Après cette observation, je reviens à la comparaison que j’ai faite d’un cours de la science universelle à une grande avenue à l’entrée de laquelle il se présente une foule de sujets qui crient tous à la fois : « Instruction, instruction ! Nous ne savons rien ; qu’on nous apprenne. »

La première chose que je me dis à moi-même, c’est que tous ne sont ni capables ni destinés à suivre cette longue avenue jusqu’au bout.

Les uns iront jusqu’ici ; d’autres jusque-là ; quelques-uns un peu plus loin ; mais à mesure qu’ils avanceront, le nombre diminuera.

Quelle sera donc la première leçon que je leur donnerai ? la réponse n’est pas difficile. Celle qui leur convient à tous, quelle que soit la condition de la société qu’ils embrassent.

Quelle sera la seconde ? Celle qui, d’une utilité un peu moins générale, conviendra au nombre de ceux qui me resteront.

Et la troisième, celle qui, moins utile encore que la précédente, conviendra au nombre moins grand de ceux qui m’auront suivi jusqu’ici.

Et ainsi de suite jusqu’au bout de la carrière, l’utilité de l’enseignement diminuant à mesure que le nombre de mes auditeurs diminue.
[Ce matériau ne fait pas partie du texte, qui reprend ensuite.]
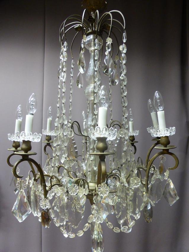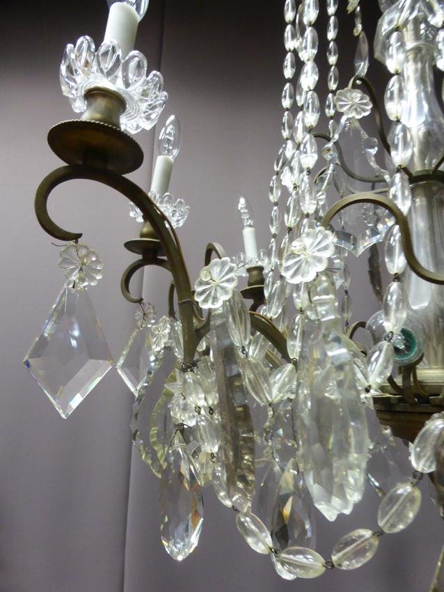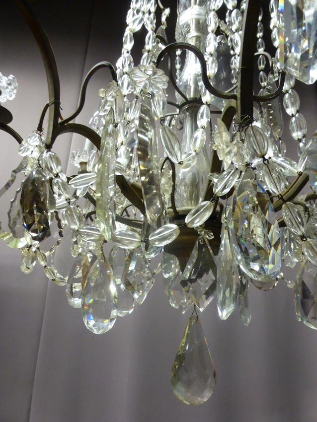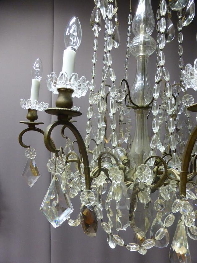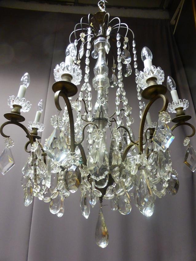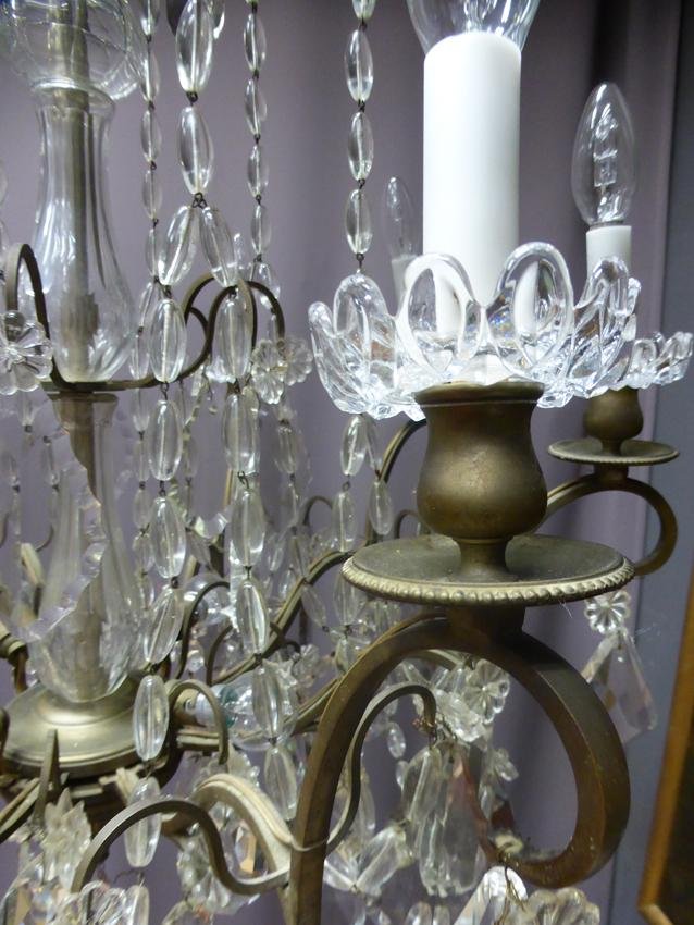 Antique XIX Bronze and Crystal Chandelier

Je classerai les sciences et les études, comme notre historien naturaliste, M. de Buffon, a classé les animaux, comme il eût classé les minéraux et les végétaux. Il a parlé d’abord du bœuf, l’animal qu’il nous importe le plus de bien connaître ; ensuite du cheval ; puis de l’âne, du mulet, du chien ; le loup, l’hyène, le tigre, la panthère, occupent d’après sa méthode un rang d’autant plus éloigné dans la science, qu’ils sont plus loin de nous dans la nature, et que nous en avons eu moins d’avantages à tirer ou moins de dommages à craindre.

Qu’en arrivera-t-il ? C’est que celui qui n’aura pas eu la force ou le courage de suivre la carrière de l’université jusqu’à la fin, plus tôt il l’abandonnera, et moins les connaissances qu’il laissera en arrière, plus celles qu’il emportera, lui étaient nécessaires.